Rice Lake, Wis.

Forty-two years ago when a friend asked him to play, John Marcon, a founding member of Wisconsin’s Rice Lake Curling Club responded: “I don’t know how to curl. I don’t even know how to skate.”

Marcon, a former teacher, conservation warden, and past mayor of Rice Lake (pop. 8,696), filled in for one game, then a second, his team winning both times. The next morning he had “a heck of a time getting up out of bed,” but he’s been playing the 500-year-old ice sport ever since.

The Rice Lake Curling Club began in the winter of 1967-68 with about 20 couples and two sheets of ice in an old cow barn on the Barron County Fairgrounds. “You had to be careful where you stepped if you went out on the sheet of ice,” recalls the octogenarian.

“It wasn’t always pure white,” chimes in Anne Destache, another founding member.

Ten years later, in 1976-77, the club took on a mortgage, lengthening the 4-H building to make the ice sheets the correct length, and hosted its first invitational mixed tournament or bonspiel.

When the 4-H building burned down Aug. 1, 1988, members knew they had to act quickly to have a place to curl that winter. Construction workers, carpenters, and electricians among the club’s members donated much of the labor, while others spent hours installing 27,000 feet of cooling lines to maintain the ice.

Through a dedicated, team effort, one of Wisconsin’s largest, most modern curling facilities was financed, constructed, and ready for the 1988-89 season in just three months.

Wisconsin is considered the “heart of curling country” with 4,000 of the nation’s estimated 15,000 curlers, and 29 of its 130 curling clubs, according to Rick Patzke, communication director of the United States Curling Association in Stevens Point, Wis.

“Curling’s popularity in the upper Midwest is tied to the region’s heritage and climate, and its fit around the farming season,” Patzke says.

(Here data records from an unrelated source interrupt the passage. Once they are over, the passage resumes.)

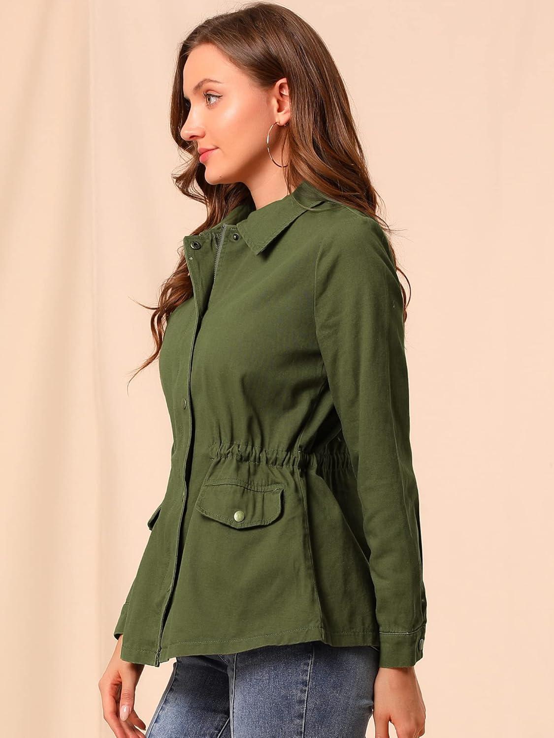 Allegra K Women's Utility Jacket Zip Up Drawstring Waist Snap Buttons Lightweight Anorak Jackets with Pockets(Olive Green)
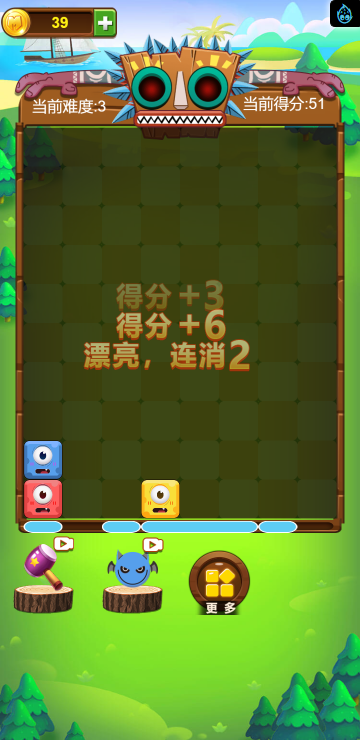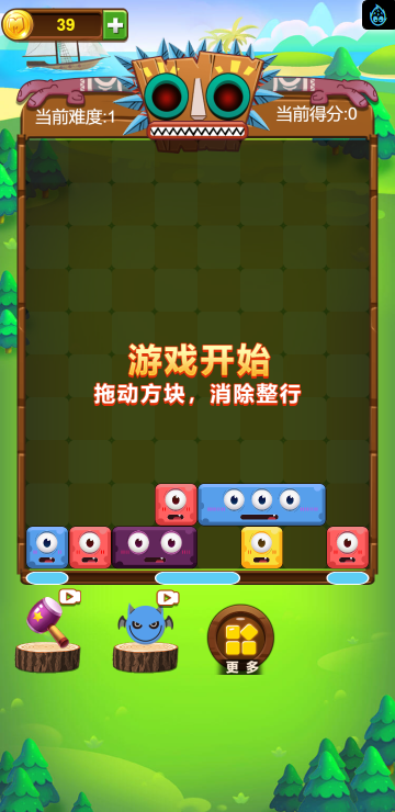 此游戏为休闲消除类游戏,游戏内容很简单,每移动一步方块就会从底部往上生一层,你的目标就是消除所有木块,只要一行全部填满就可以完成消除,当木块上升到触碰到顶部则游戏结束,适当的使用道具可以获得更高积分哦!
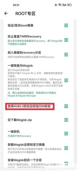 (6)此时可以在软件主界面点击打包并刷入新镜像按钮来应用你所做的修改。在刷入之前,请务必确认电压表频率档位能涵盖住频率表档位。部分品牌手机有开机校验,刷入镜像后会卡在校验界面,如果你不知道自己手机会不会开机校验,那建议你安装搞机助手•R,在Root专区中选择禁用AVB2、0的启动校验/MD校验。禁用后再重启手机。
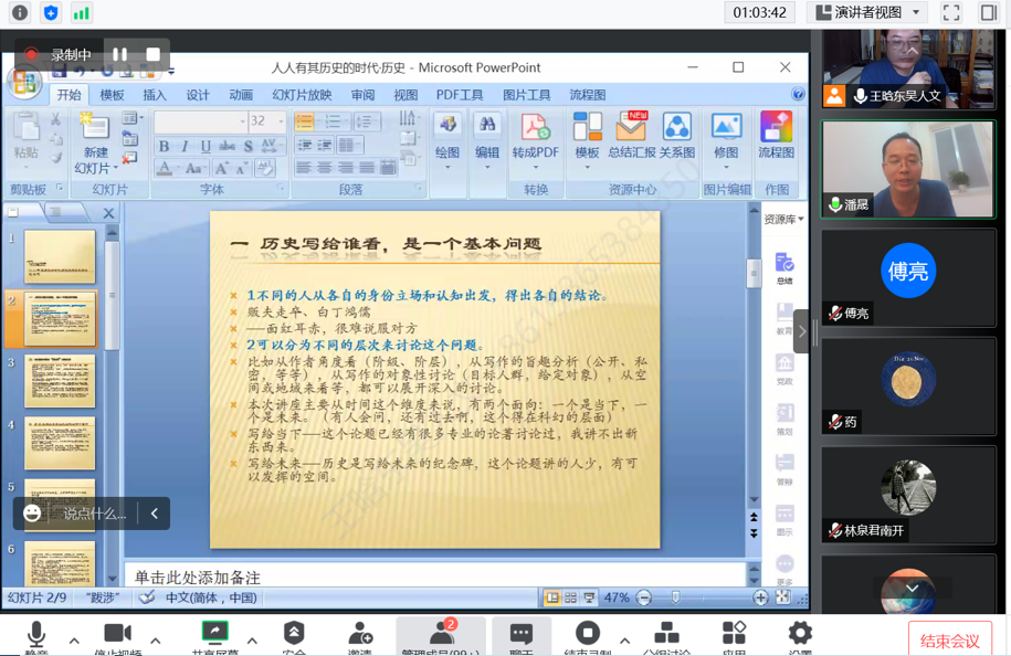 2022925日晚19:00,南京师范大学社会发展学院教授、博士生导师潘晟老师应邀于腾讯会议线上平台进行了主题为《人人有其历史的时代˙历史是写给未来的纪念碑》的讲座。本次讲座由王晗老师主持,本系侯德仁老师、傅亮老师,云南师范大学张永帅老师及各高校历史系老师、学生共计273人参加。此外,讲座还受到“历史地理研究咨询”、“明清史研究咨询”等多家学术公众号的关注和转发。

Membership in the Rice Lake Curling Club, the fourth largest club in the state, ranges from 230 to 260. Leagues play six nights a week November through March.

Curling, first played on frozen ponds in Scotland as far back as the 1500s, filtered into the United States through Canada where Scottish immigrants introduced it. In this sport, skill is a function of finesse and concentration rather than size and strength.

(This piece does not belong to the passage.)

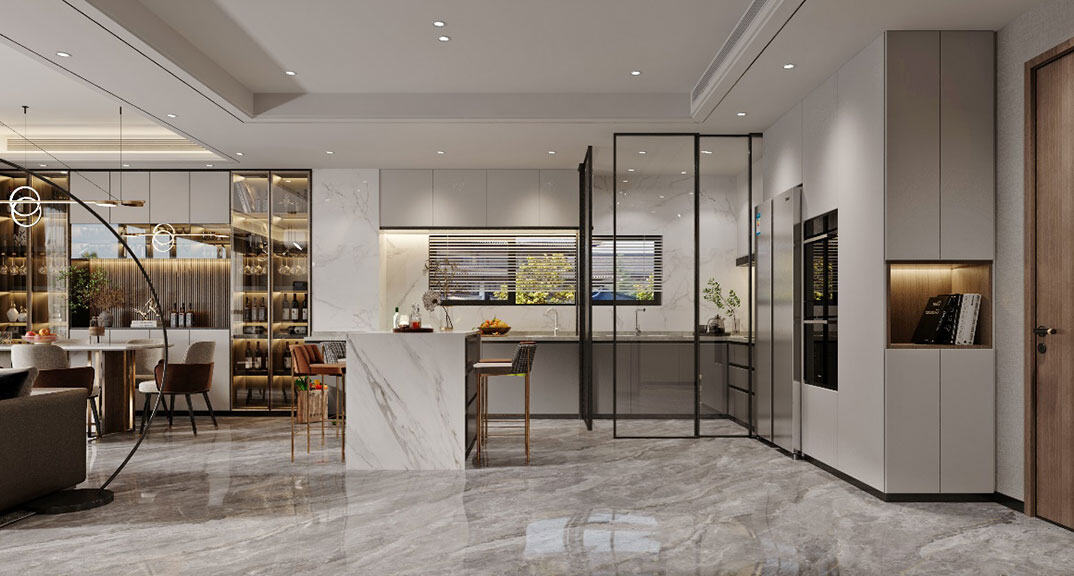 青島小鎮(zhèn)175㎡別墅下疊廚房輕奢極簡風格裝修案例效果圖
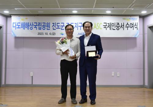 Áøµµ±º ¼ö»êÁö¿ø°ú °ü°èÀÚ´Â ¡°ÁöÀÚü, ±¹¸³°ø¿ø°ø´Ü, Áö¿ªÁֹΠµî ´ÙÀÚ°£ Çù·ÂÀ¸·Î ÇÔ²²ÇÑ Àü±¹ ÃÖÃÊ ASC ±¹Á¦ÀÎÁõÀθ¸Å, Áøµµ±º Àüº¹ »ê¾÷ ¹ßÀü¿¡ µµ¿òÀÌ µÇ±æ ¹Ù¶õ´Ù¡±¶ó°í ¹àÇû´Ù.

Participants, wearing one shoe outfitted with a slider or Teflon-like sole for maximum glide, and another with a spike for traction, “throw” a 42-pound granite stone along a sheet of ice toward a goal, using brooms or brushes to sweep ahead of the stone. Sweeping helps remove debris and warms and lubricates the ice, causing the swerving stone to travel further.

“The faster it goes, the less it curls,” or curves, explains Marcon. “By sweeping, the rock can move 20 feet or more.”

The four players on a curling team are involved in every shot, with one shooting, two sweeping, and one calling strategy. The skip or team captain holds a broom as a target for shots by the other players and studies the ice, anticipating the amount of curl the stone will make as it travels down the sheet. Scoring occurs at either end of the 146-foot sheet in a “house,” a 12-foot circular area. The team whose four stones are closest to the goal wins.

“Most skips try to work with their partners and with another couple,” adds Bill Burdick, another founding club member. “They’ll work with the couple for about three years to make them qualified to become skips so that they can invite social friends to the curling sport. This is how we generate more numbers than other clubs.”

Games begin and end with a handshake. “Curlers play to win but never to humble their opponents,” according to “The Spirit of Curling,” the game’s rules of etiquette and safety.

Following the sociability tradition, “We always bring something to the table after the game,” explains Burdick. “John’s favorite to bring is head cheese. We bring pickled venison heart or venison sausage.”

Ann Hattes is a freelance writer in Hartland, Wis.